### Requirement
Using the records below, copy exactly the part that opens with the line holding "Réf. 778700Plaque de" and closes with the line holding "Akwamaryn wprowadza spokój", minus the pictures.

### Exercise materials
- Opening Delimiter -

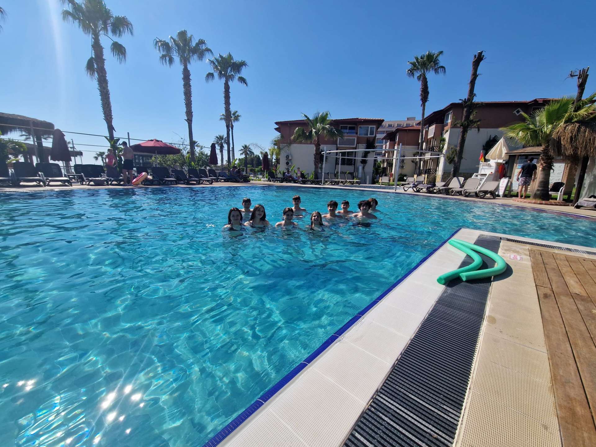 Délután fél háromkor indultunk vissza a szállásra. Rövid pihenő után lementünk fürödni: először a tengerhez sétáltunk, de túl hidegnek találtuk, így végül a medencét választottuk. Pár órát úsztunk és napoztunk, majd felmentünk átöltözni és megpihenni. Este hétkor vacsoráztunk, ahol sokféle finom étel közül választhattunk.
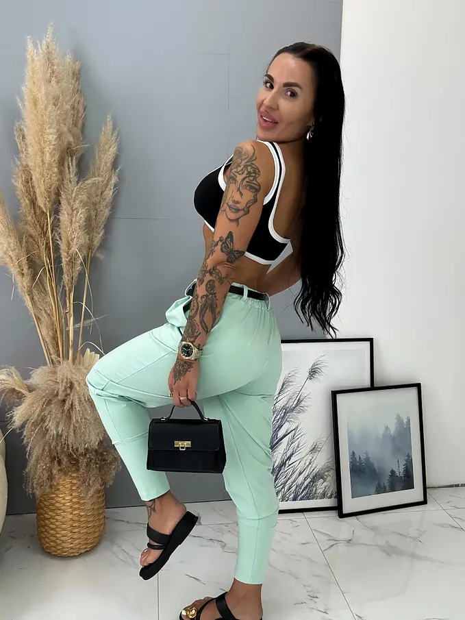 Gumis derekú sportosan elegáns nadrág övvel ROZI
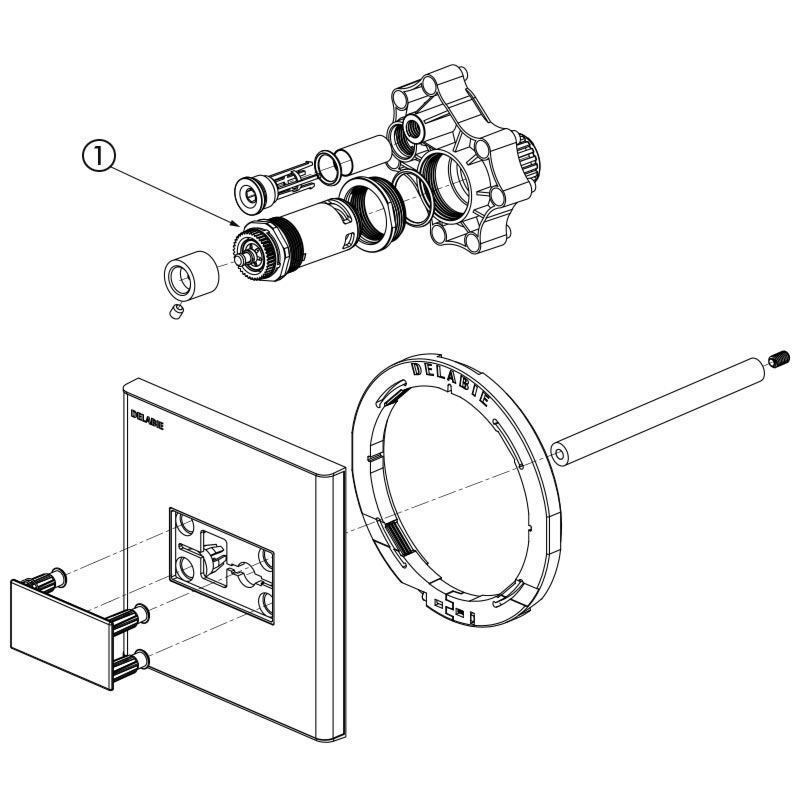 Réf. 778700Plaque de commande et robinetterie temporisée TEMPOFLUX F1/2", kit 2/2 :
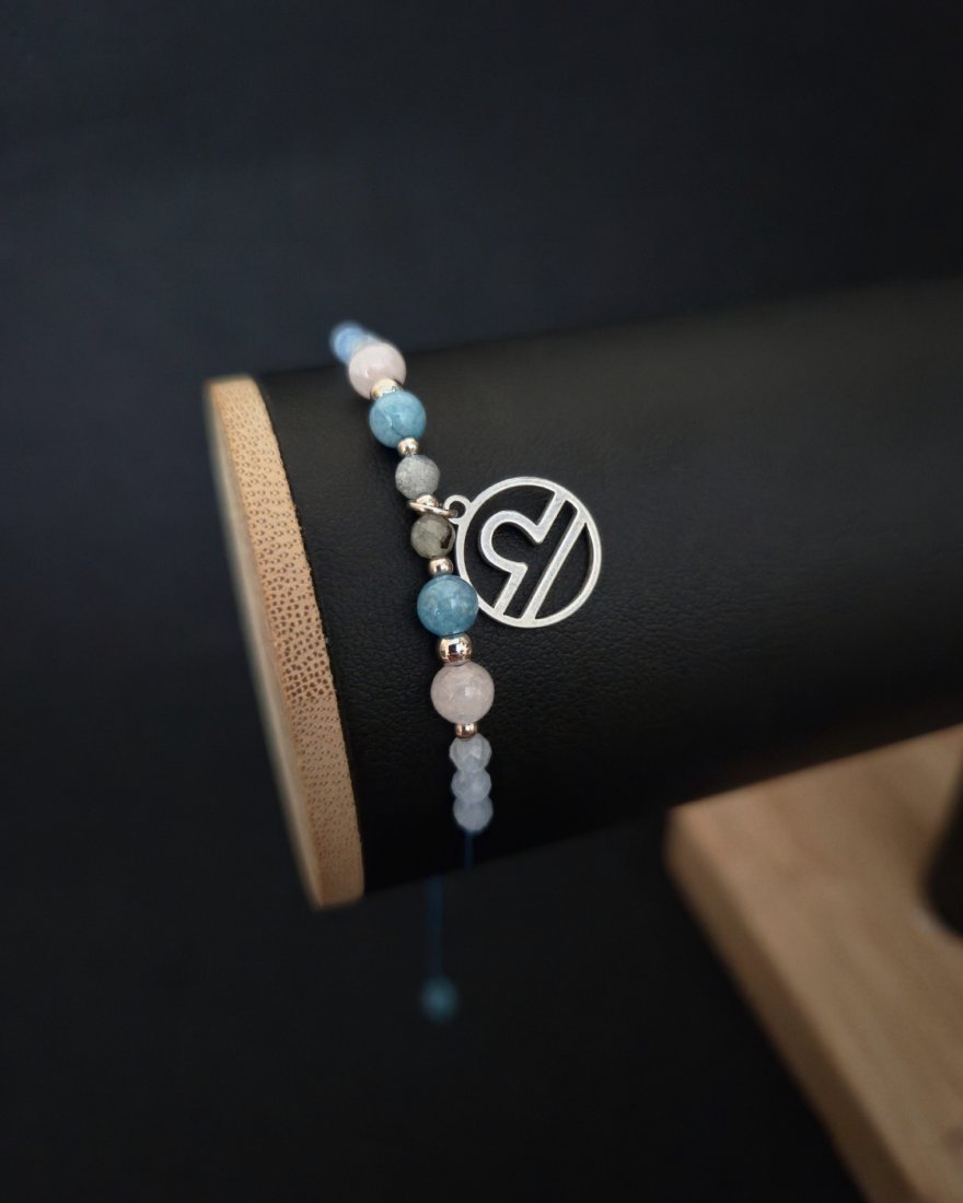 Akwamaryn wprowadza spokój i emocjonalną równowagę, kwarc różowy wzmacnia energię miłości i empatii, a labradoryt zapewnia ochronę i wspiera intuicję. Jasna, pastelowa kolorystyka podkreśla delikatność, elegancję i harmonijną naturę Wagi.
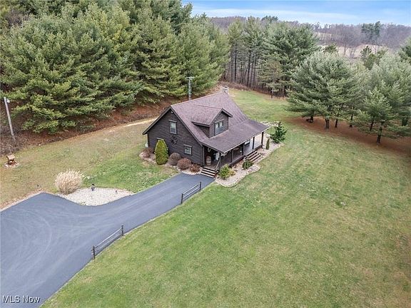 Kick back, relax, and enjoy the charm of this Jim Barna log home, perfectly blending privacy and convenience. Nestled on 9.7 acres of wooded land, this serene retreat is just moments from town. Featuring 2 bedrooms and 2 baths, the home offers a spacious, inviting great room with a stunning stone fireplace at its heart. The first floor includes a convenient laundry area, while the finished lower level provides additional living space ideal for relaxation or entertaining. Step outside to a beautiful covered front porch, the perfect place to unwind and take in the breathtaking views of the surrounding landscape. Whether you're sipping your morning coffee or enjoying a quiet evening, this tranquil space offers a scenic and welcoming atmosphere. An oversized patio to the side of the house adds even more room for outdoor dining, entertaining, or simply enjoying the fresh air. Together, these outdoor spaces create a seamless connection to nature and enhance the homes overall charm. The property also includes a 2-car detached garage and a 30x40 building/venue with a pavilion, ideal for hosting gatherings or events. Two running creeks meander through the property, further enhancing its peaceful ambiance. Updates include new flooring in 2023, a brand-new furnace in 2024, and a blacktop driveway that was repaved in 2020 and sealed in 2023. Currently used as a successful Airbnb, this property offers a rare opportunity for those seeking a private sanctuary with income potential. Sells turn-key with exception of a few personal possessions. AEP Electric average - House - $150 and Garage $30-month, Propane tank is leased with Hillside Propane. Owner gets 2 fills per year.
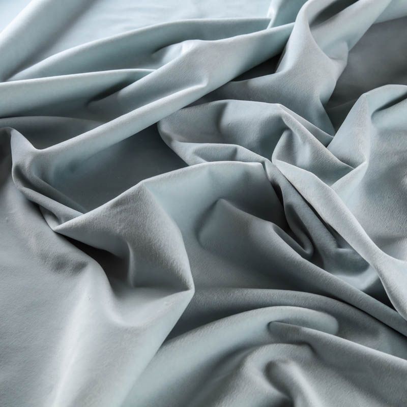 Плотный итальянский бархат из хлопка нежного светлого мятного оттенка с добавлением эластана. Ткань очень приятная на ощупь, пластичная, поверхность матовая, держит форму, прочная, износостойкая.  Идеально подойдет для костюма, жакета, юбки, жилета, комбинезона, брюк, платья-футляра.
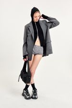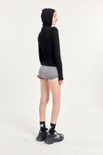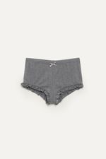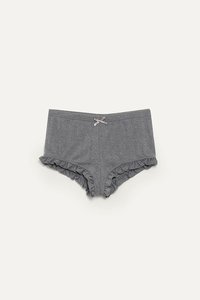 Short corto con motivo calado y volados, cintura con elástico interno oculto y moño de raso en el centro. Con detalles delicados, es perfecto para looks con remeras amplias o musculosas al cuerpo.

- Closing Delimiter -

### Result below
 Réf. 778700Plaque de commande et robinetterie temporisée TEMPOFLUX F1/2", kit 2/2 :
 Akwamaryn wprowadza spokój i emocjonalną równowagę, kwarc różowy wzmacnia energię miłości i empatii, a labradoryt zapewnia ochronę i wspiera intuicję. Jasna, pastelowa kolorystyka podkreśla delikatność, elegancję i harmonijną naturę Wagi.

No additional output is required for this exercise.